基于一氧化氮和超氧阴离子(O2 ·-)间的偶合反应,是一种产生ONOO─的可行方式。由于一氧化氮(NO)和O2 ·-的寿命低,扩散半衰期短,因此需要在病灶部位同时输送一氧化氮供体和光敏剂,且大量快速一氧化氮的释放和良好的光动力效率是高效产生ONOO─的前提,这限制了可控产生ONOO─生物材料的开发和生物应用。另外,NO释放和O2 ·-产生的刺激源往往不同,因此常需要多种刺激同时作用,才能产生ONOO─。这增加了操作复杂性,且因刺激源不同的先后操作顺序、操作人员的个体差异等因素,会引起ONOO─的产生效率偏差较大。
发明内容
为了解决现有技术存在的技术缺陷,本发明提供了一种可控制备ONOO-的纳米粒子及其制备方法与应用,有望提供简便、高效、可控释放过氧亚硝酸盐的新工具,用于探究原位释放过氧亚硝酸盐与其生理和病理相互作用,以及用于抗菌和抗肿瘤治疗领域。
本发明采用的技术解决方案是:一种可控制备ONOO-的纳米粒子,所述的纳米粒子为PEG-b-PAA-g-SNO聚合物侧链上负载一氧化氮释放基元,共组装IR780光敏剂获得的PEG-b-PAA-g-SNO@IR780 NPs纳米粒子。
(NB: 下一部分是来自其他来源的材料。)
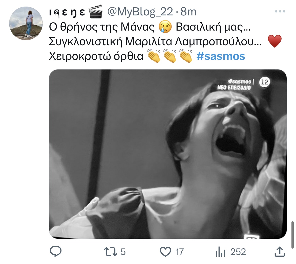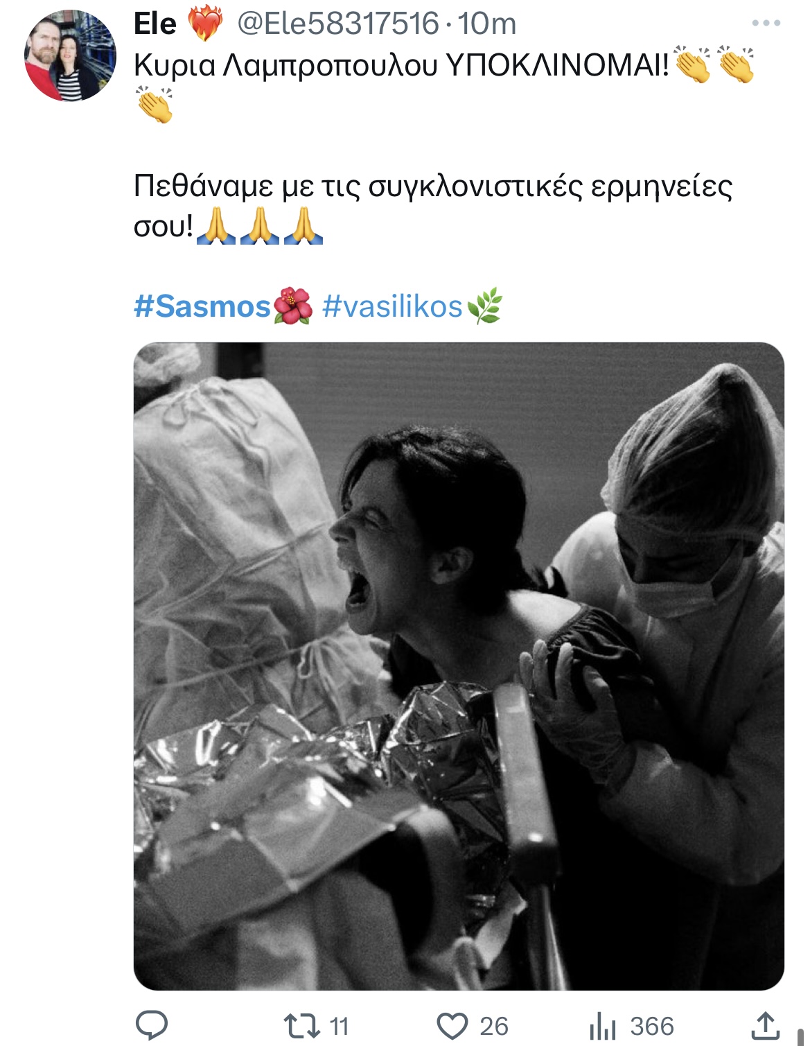 Η εικόνα της Βασιλικής (Μαριλίτα Λαμπροπούλου), ματώνει την καρδιά: «Η Μαριλίτα μας διέλυσε» ομολογεί το Twitter X. Κι αλλού: «Ο θρήνος της Μάνας. Βασιλική μας. Συγκλονιστική Μαριλίτα Λαμπροπούλου. Χειροκροτώ όρθια».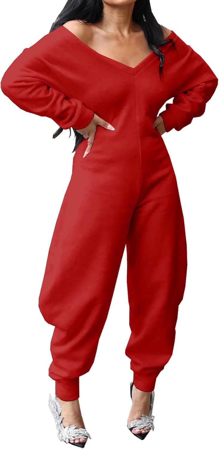 YOUFE Womens Sexy Solid Color Jumpsuit Comfy V Neck Off Shoulder Long Sleeve Wide Leg Romper Baggy Club Sweatsuit Outfit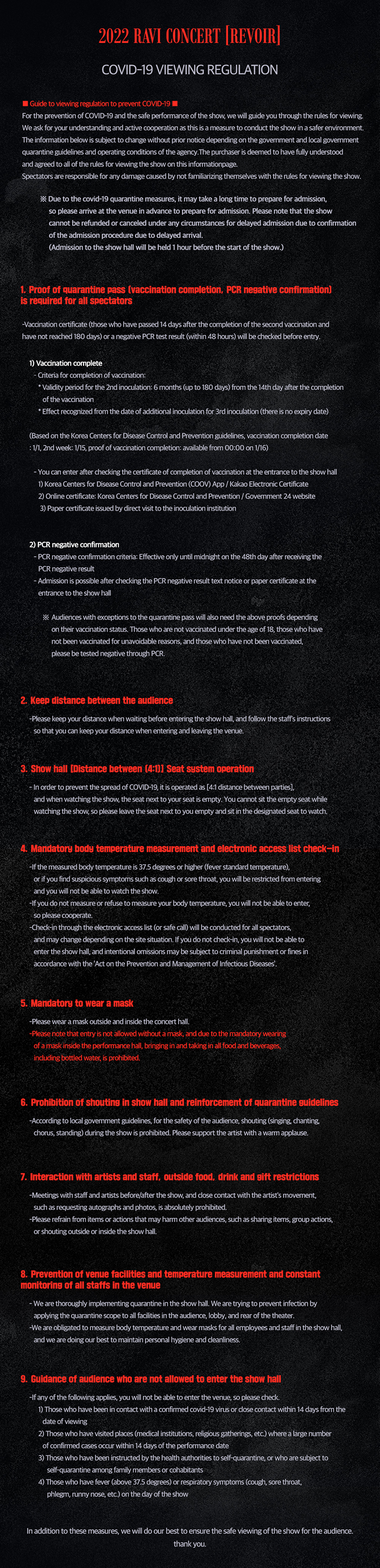 We would like to inform you that the 2022 RAVI CONCERT [REVOIR], which was scheduled to be held at the Olympic Hall from February 25-27, 2022, has been temporarily postponed. We made every effort to provide a safe and good show to the audience, but the show was inevitably postponed due to the spread of COVID-19 Omicron mutation.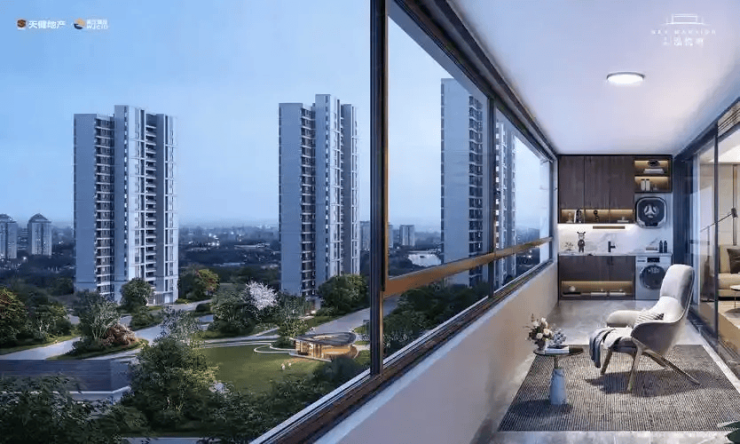 空间设计:私家电梯入户,4+2房布局,超宽客厅(约5.7米面宽)连接露台,主卧套房带观景飘窗,顶层露台可打造空中花园。
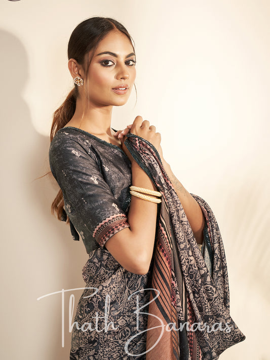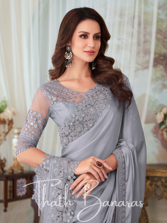 Dove Grey Glorious Silk with Fancy Fabric Work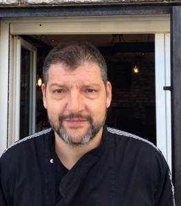 Au Gré des Saisons restaurant Le Thoronet - Aiguisez vos crocs, ajustez vos museaux! A pas loin du touristique centre-village, voyez-vous au bout du parking la récente enseigne de bois lettrée? Ça pourrait être la façade d’un “fruits et légumes” ou d’une librairie. J’y suis entré: c’était l’heure de manger! Sûr que l’extérieur est éloigné du faste lustré d’un Relais & Châteaux, mais dedans la maison mes rossignols mignons c’est vraiment trognon. Une jeune femme équipée d’un sourire comme un soleil vous accueille chez elle comme si vous y aviez votre rond de serviette depuis Balladur 1er ministre! Sur la gauche dans sa cuisine ouverte, son compagnon de cuisinier mouline est à pied d’œuvre et à mains habiles depuis tôt le matin. Vu le niveau de ses recettes, je confirme qu’il n’est pas là pour la photo.
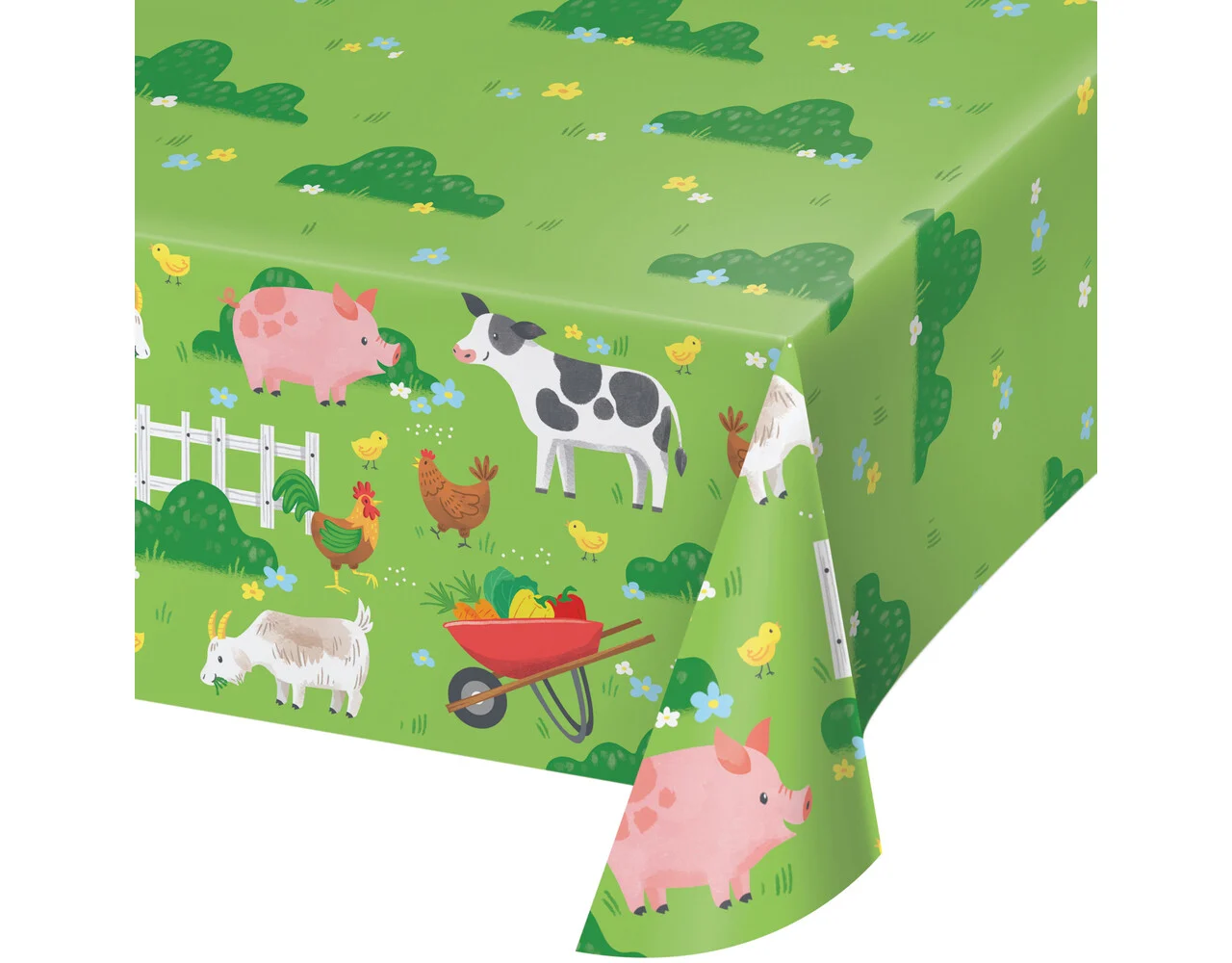 - Tafelkleed Boerderijdieren Farmhouse Fun (137x259cm)Dit tafelkleed met een boerenerf-print is ideaal voor het perfecte boerenfeest. Het wegwerp tafelkleed heeft een afmeting van 137 x 259 cm en past op een rechthoekige tafel.

所述的纳米粒子侧链上负载一氧化氮释放基元为巯基通过亚硝化得到。
一种可控制备ONOO-的纳米粒子的制备方法,包括以下步骤:
(1)将5-10 g聚乙二醇单甲醚溶解于50-100 mL的无水二氯甲烷中,并加入202-400 mg的三乙胺,在冰浴条件下,向混合液中缓慢滴加460-900 mg的溴代异丁酰溴,在快速搅拌下,反应24-48小时,将反应液,用饱和食盐水水洗,二氯甲烷多次萃取,并用正己烷多次沉淀,抽滤,真空干燥,得PEG-Br样品;
(2)取PEG-Br样品2-8 g溶解于10-50 mL的N, N-二甲基甲酰胺(DMF)中,并加入丙烯酸叔丁酯2.5-10 g、五甲基二乙烯三胺(PMDETA)135-550 mg,以及在氮气保护下,加入溴化亚铜112-450 mg,在快速搅拌下,于65℃的油浴中加热24-48小时,过中性氧化铝柱子,除去反应液中的金属铜,随后,用超纯水透析24-48小时,并冻干都到PEG-b-PtBA样品;
(3)取PEG-b-PtBA样品2-6 g溶解于30-50 mL的二氯甲烷中,并加入三氟乙酸5-15mL,随后,在快速搅拌下,反应24-48小时,旋转除去大部分溶剂,后用冰乙醚沉淀三次,得到PEG-b-PAA样品;
(4)取PEG-b-PAA样品0.5-2 g溶解于10-20 mL的DMF中,并取0.836-3.35 g的1-(3-二甲氨基丙基)-3-乙基碳二亚胺盐酸盐(EDC)溶解于5-15 mL的超纯水中,且将所得水溶液加入DMF的溶液中,向上述混合液中继续加入N-羟基琥珀酰亚胺(NHS) 150-600 mg,常温搅拌2小时后,向反应液中继续加入0.335-1 g的半胱胺,室温下反应24-48小时后,向反应液中继续加入2-4 mL亚硝酸叔丁酯,继续反应2-12小时后,将反应液分别用冰甲醇和乙醚、冰乙醚沉淀2次,获得红色PEG-b-PAA-g-SNO样品;
(5)采用共组装的方法制备PEG-b-PAA-g-SNO@IR780纳米粒子:取20-200 mg PEG-b-PAA-g-SNO样品和2-20 mg的IR780光敏剂,于2-10 mL的四氢呋喃中溶解,将混合液在避光条件下,用冰水多次透析,得PEG-b-PAA-g-SNO@IR780 NPs纳米粒子。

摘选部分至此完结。